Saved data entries

== Segment start ==

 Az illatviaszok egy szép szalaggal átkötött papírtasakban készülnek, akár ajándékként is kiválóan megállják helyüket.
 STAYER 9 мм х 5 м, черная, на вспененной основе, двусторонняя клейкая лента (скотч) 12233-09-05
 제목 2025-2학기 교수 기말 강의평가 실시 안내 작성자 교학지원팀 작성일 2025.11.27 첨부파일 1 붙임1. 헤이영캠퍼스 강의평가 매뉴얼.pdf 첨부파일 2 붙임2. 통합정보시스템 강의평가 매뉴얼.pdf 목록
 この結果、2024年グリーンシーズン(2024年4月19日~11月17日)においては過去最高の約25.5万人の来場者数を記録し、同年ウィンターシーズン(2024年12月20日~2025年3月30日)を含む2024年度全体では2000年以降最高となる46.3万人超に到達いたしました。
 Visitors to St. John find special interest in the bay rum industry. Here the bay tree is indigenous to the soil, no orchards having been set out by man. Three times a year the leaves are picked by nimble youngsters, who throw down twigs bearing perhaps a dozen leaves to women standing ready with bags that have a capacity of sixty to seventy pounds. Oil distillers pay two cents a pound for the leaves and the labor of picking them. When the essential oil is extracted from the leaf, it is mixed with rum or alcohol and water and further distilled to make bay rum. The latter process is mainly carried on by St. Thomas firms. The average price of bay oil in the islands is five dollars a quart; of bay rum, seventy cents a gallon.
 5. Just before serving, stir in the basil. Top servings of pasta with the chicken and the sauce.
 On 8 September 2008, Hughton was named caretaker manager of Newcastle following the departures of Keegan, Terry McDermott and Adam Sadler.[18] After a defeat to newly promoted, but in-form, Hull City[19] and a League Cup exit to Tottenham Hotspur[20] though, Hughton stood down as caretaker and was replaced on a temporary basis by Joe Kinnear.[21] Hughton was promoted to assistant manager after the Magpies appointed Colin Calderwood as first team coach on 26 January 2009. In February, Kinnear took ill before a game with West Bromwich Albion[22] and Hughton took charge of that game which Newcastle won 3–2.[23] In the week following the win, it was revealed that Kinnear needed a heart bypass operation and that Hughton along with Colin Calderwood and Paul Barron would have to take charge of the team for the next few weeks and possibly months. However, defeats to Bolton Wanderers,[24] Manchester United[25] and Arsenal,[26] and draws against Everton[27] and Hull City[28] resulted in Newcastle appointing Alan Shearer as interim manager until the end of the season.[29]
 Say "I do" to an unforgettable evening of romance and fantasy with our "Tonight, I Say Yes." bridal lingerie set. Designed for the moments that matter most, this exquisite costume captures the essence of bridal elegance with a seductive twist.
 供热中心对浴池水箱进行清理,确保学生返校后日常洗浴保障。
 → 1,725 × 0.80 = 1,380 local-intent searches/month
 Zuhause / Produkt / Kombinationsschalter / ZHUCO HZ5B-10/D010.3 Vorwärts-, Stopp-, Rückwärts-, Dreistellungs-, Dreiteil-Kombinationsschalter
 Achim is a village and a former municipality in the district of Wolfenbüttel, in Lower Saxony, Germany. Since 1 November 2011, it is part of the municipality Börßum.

== Segment end ==

ACTIVITY
For this exercise, reproduce exactly each line from the one containing "供热中心对浴池水箱进行清理,确保学生返校后日常洗浴保障。" through the last line of the data, and no others.

RESULT OF THE TASK
 供热中心对浴池水箱进行清理,确保学生返校后日常洗浴保障。
 → 1,725 × 0.80 = 1,380 local-intent searches/month
 Zuhause / Produkt / Kombinationsschalter / ZHUCO HZ5B-10/D010.3 Vorwärts-, Stopp-, Rückwärts-, Dreistellungs-, Dreiteil-Kombinationsschalter
 Achim is a village and a former municipality in the district of Wolfenbüttel, in Lower Saxony, Germany. Since 1 November 2011, it is part of the municipality Börßum.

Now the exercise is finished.